Natural Sciences + Social Sciences

PIs: Hau-Tieng Wu, Associate Professor of Mathematics; Jana Schaich Borg, Associate Research Professor in the Social Science Research Institute

Using hundreds of hours of recorded video conversations, this team will use artificial intelligence to measure the growing trust and synchrony between two interacting people, as depicted by their body poses and facial expressions. They are looking for motifs of social interaction that are stereotypical and re-used in many interactions in the hope that they can begin to uncover what they call the “behavioral grammar” of social interactions. These tools might eventually be used to measure social interaction disorders.

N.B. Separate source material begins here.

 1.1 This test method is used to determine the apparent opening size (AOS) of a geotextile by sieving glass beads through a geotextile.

Using Wearables for Perioperative Surgical Patient Monitoring

Engineering + Medicine

PIs: Jessilyn Dunn, Assistant Professor of Biomedical Engineering; Shelley Hwang, M.D., M.P.H., Mary and Deryl Hart Distinguished Professor of Surgery

This team will be using wearable devices to monitor up to 50 patients before and after surgery as a way to track surgical recovery. Inexpensive, unobtrusive monitoring of post-operative physiology may help to identify early complications after surgery and reduce costly hospital readmissions.

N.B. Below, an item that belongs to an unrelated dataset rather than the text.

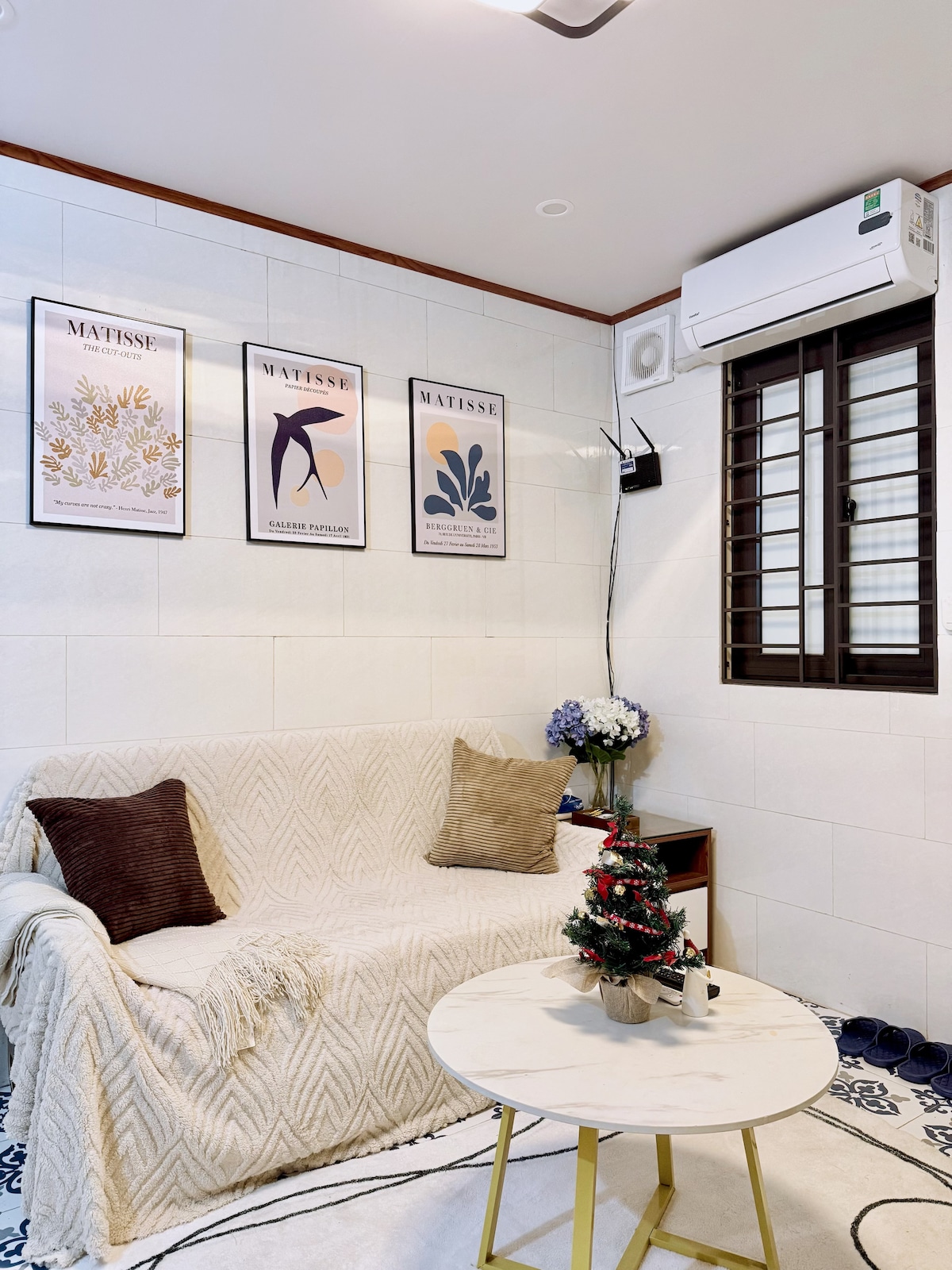 The appartment is tucked away in a quiet little alley, paved with vintage encaustic tiles — a style that’s quintessentially old Hanoi. The alley is peaceful, and you might occasionally see a few neighbors cooking outdoors in the shared courtyard. Right next door lives a musician; sometimes he leaves his door open, and you might catch the soft sound of music or gentle conversations drifting through the air — a little touch of Hanoi’s soul.

3D Photonic Structure as Catalyst Support for Plasmonic Catalysts To Enable Solar Ammonia Synthesis Under Concentrated Sunlight

Natural Sciences + Engineering

PIs: Jie Liu, George Barth Geller Distinguished Professor of Chemistry; Natalia Litchinitser, Professor of Electrical and Computer Engineering

The team is designing a 3D catalyst system that can use solar energy to enhance chemical reactions. Their seed grant is aimed at a proof-of-concept called “3-D solid fog,” a lattice of boron nitride microtubes which can be used as catalyst support for plasmonic nanoparticle to enable more efficient use of solar light in chemical synthesis. They will be using artificial intelligence to optimize the design of the microstructured fog and then testing it in solar light powered synthesis of ammonia, which is both a valuable fertilizer and a highly efficient carrier of hydrogen, storage of which will be critical to hydrogen-fueled, carbon-neutral technologies.